Infrastructure for AI integration: Blockchain can help with AI transparency and verifiability, but this does not mean the project itself is AI-driven.
Some commentators argue that even well-known AI crypto projects,fall into this category. For example, critics point out that Fetch.ai, despite being marketed as AI-driven, primarily focuses on data exchange and autonomous agents rather than true AI decision-making. Similarly, Ocean Protocol is seen as a data marketplace enabling AI models to access datasets, yet the protocol itself does not utilise AI.
AI and blockchain don't (always) work well together
While blockchain excels at decentralisation and transparency, AI thrives on speed, efficiency and massive data processing. The two technologies often conflict rather than complement each other.
AI requires high-speed computation: Blockchain networks are relatively slow, making them inefficient for AI model training and real-time processing.
Decentralised AI is unrealistic: AI development typically benefits from centralised, high-performance computing, which blockchains do not provide.
Some projects claim that decentralised AI will be revolutionary, but the well-known blockchain developer André Cronje has dismissed this as marketing hype rather than a practical innovation in a post on X:
“Blockchain and AI are not complementary, and (for now) anyone that jumps on the ‘AI’ bandwagon is simply doing so for pump & dump reasons.”
Some tokens exist only to capitalise on hype
One of the biggest red flags in AI crypto is the launch of unnecessary tokens. There are some companies with a legitimate AI background in areas like image generation or machine learning, but they introduce a token that serves no genuine function other than speculation.
Major warning signs:
The AI works without the token: If the AI service can function just as well without blockchain, the token is likely unnecessary.

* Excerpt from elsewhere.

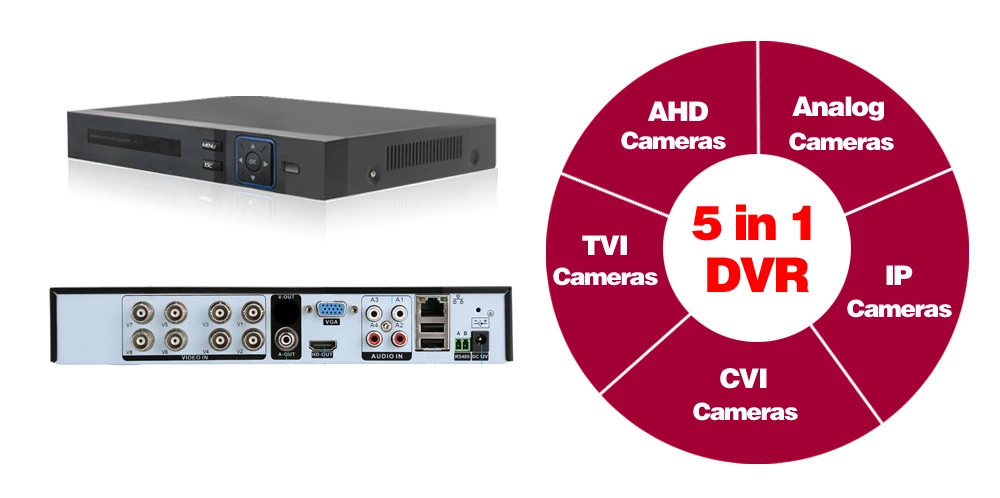 You can freely enjoy five connection modes with this one multi-function digital video recorder.AHD(Analog High Definition)is new advanced technology on home security with 5 recordering modes.for your option:Analog / Network / TVI / CVI / AHD+Network. You can get HD quality video in each mode.

No clear token utility: Strong crypto projects have a defined role for their tokens, such as governance, staking or transaction fees. If a project cannot explain why its AI needs a token you should be sceptical.
Hype-driven launches: Many AI tokens appear during AI market booms, suggesting they exist more for fundraising efforts rather than technological development.
Some AI crypto projects are outright scams
Many AI crypto projects adopt the same deceptive tactics seen in past crypto scams, such as popular meme coins that fell victim to rug pulls, where hype is manufactured to drive up prices before insiders cash out:
Pump and dump tactics: Developers and insiders accumulate tokens, artificially inflate the price through marketing, and then sell their holdings, leaving retail investors with losses.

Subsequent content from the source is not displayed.